Sometimes I wonder if I was really supposed to be Spider-Man. Was I really supposed to make the web fluid to swing with or did it just happen? Was I really supposed to make myself into some hero because I gained powers? Or was it me being selfish and trying to get Liz or someone--anyone--to notice me? Was I just some silly kid who wanted to be remembered as someone besides the poor, lonely smart kid?

Sometimes I wish that I wasn't Spider-Man. How could I have been so stupid to think that just because I showed up that the world would be better? How could I have been so stupid to think that just because I showed up that I would bring Uncle Ben back? Every time I fail--every time I can't stop a mugging or don't move the bomb or take the bullet--I'm thrown back into remembering that night. I'm taken back, and when I come back to the present, I'm always no hero. I couldn't stop what happened to Uncle Ben, who was I to think I was made a difference?

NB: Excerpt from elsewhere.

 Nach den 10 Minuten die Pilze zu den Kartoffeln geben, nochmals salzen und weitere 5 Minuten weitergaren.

Rare is a day where I am glad the I am Spider-Man. There are days where I do save people. Days where the old lady buys me churros or days where the parent will thank me for the child's life. Those are the days where everything is really worth it. Then I'll go do something stupid and mess it back up again.

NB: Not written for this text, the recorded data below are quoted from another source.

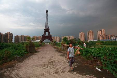 A farmer walks down a dirt road under a replica of the Eiffel Tower at the Tianducheng development in Hangzhou, Zhejiang Province August 1, 2013. Tianducheng, developed by Zhejiang Guangsha Co. Ltd., started constructing in 2007 and was known as a knockoff of Paris with a scaled-replica of the Eiffel Tower, standing 108 metres, and Parisian houses. Although designed to accommodate at least ten thousand people, Tianducheng remains sparsely populated and is now considered as a "ghost town", according to local media. REUTERS/Aly Song (CHINA - Tags: SOCIETY ENVIRONMENT BUSINESS REAL ESTATE)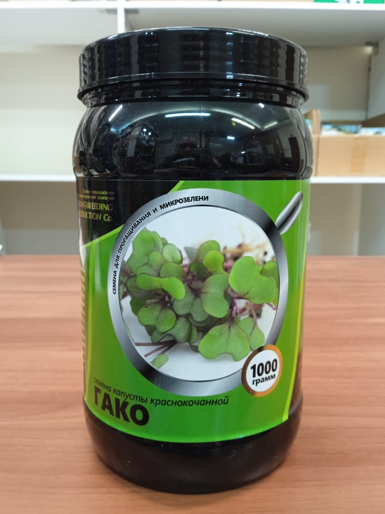 Капуста краснокочанная Гако.  Микрозелень капусты – растения с темно-зелеными с красным оттенком семядольными листочками. Нежные и сочные ростки, обладающие приятным привкусом и полезными свойствами капусты. Повышенное содержание биологически активных веществ и витаминов. Используется как самостоятельное блюдо, как гарнир, смешивается с различными овощами.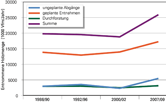 Zeigte die gesamte entnommene Holzmenge seit 1986/90 eine leicht fallende Tendenz, erfolgte 2000/02 eine Trendwende. Die ÖWI-Ergebnisse 2007/09 weisen im Vergleich zur Periode 2000/02 einen starken Anstieg der jährlich aus dem Wald entnommenen Holzmenge um 34% von 17,5 auf fast 23,5 Millionen Vfm aus. Dazu kommt noch der natürliche Holzabgang (z.B. durch Absterben), der sich für diese Zeitspanne von 1,3 auf 2,3 Mio. Vfm/Jahr erhöhte (Steigerung um 76% seit 2000/02).

It feels like I'm going in a circle. There are days where I feel nothing at all but pain. There are days where I feel everything--guilt, sadness, pain, and so many others. On the good days, I want to go back to the bad because I know what to expect. From the good, the only thing I know is that it'll always end badly. At this point, I'm not sure which is worse--to feel nothing at all or all of it. Would I rather be overpowered by waves in an endless ocean or dying of thirst?

Except on the bad days, it's no circle. It's a spiral--a downward spiral. It's taking me farther from who I am, and who am I to stop it? Maybe that's my character arc because aren't we all just a character in a story? Of course, however, I've given up hope of a happy ending. I've learned by now that not all stories have those. Not Uncle Ben's nor Mom and Dad's nor Tony's or Natasha's. They were good people, and for a bad person like me, why could I possibly deserve an ending better than theirs? I could have saved any one of them.

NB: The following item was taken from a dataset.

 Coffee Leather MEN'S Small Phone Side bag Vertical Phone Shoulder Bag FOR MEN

I'm a watered-down version of who I used to be. I'm like the punch they serve at funerals that's never good because it's watered down to go farther. I don't laugh as much. I don't smile. I don't hug May. I don't live. I guess I'm not really living without doing those things. I'm just going through the motions like a marionette held prisoner by the things that keep it going.

Who am I, I wonder, but a person designed to feel pain? Who am I, I ponder, but an experiment on how much a person can take? Who am I, I contemplate, but a villain in my own fairytale? Who am I, I surely know, but a mistake?

---~---~---

I find solace in the woods. There are no people to accompany you. No masks to hide behind. A place where there are no questions because there is no one to ask. And at this point, I find questions annoying because the person who asks them doesn't care for the answer. They don't care for me. They are just making conversation to ease the boredom they feel.

I used to be one who enjoyed talking. I was eager to make friends. Eyes wide and a smile stretched until it hurt. I'd crack a joke when no one was listening. I'd answer the questions honestly. But one day, I blinked and saw that no one cared anymore. I was just another conversation, just another moment.

And so I changed.

My eyes were downcast; I didn't deserve to look them in the eye. Hands clenched in my pockets; they didn't care for my hugs. Laughter swallowed back; they made the jokes just to fill the time. Jokes choked down; they hadn't ever been fun anyway. Lips closed, breath stolen before I could use it; I was unworthy. I was nothing more than a mistake and an experiment.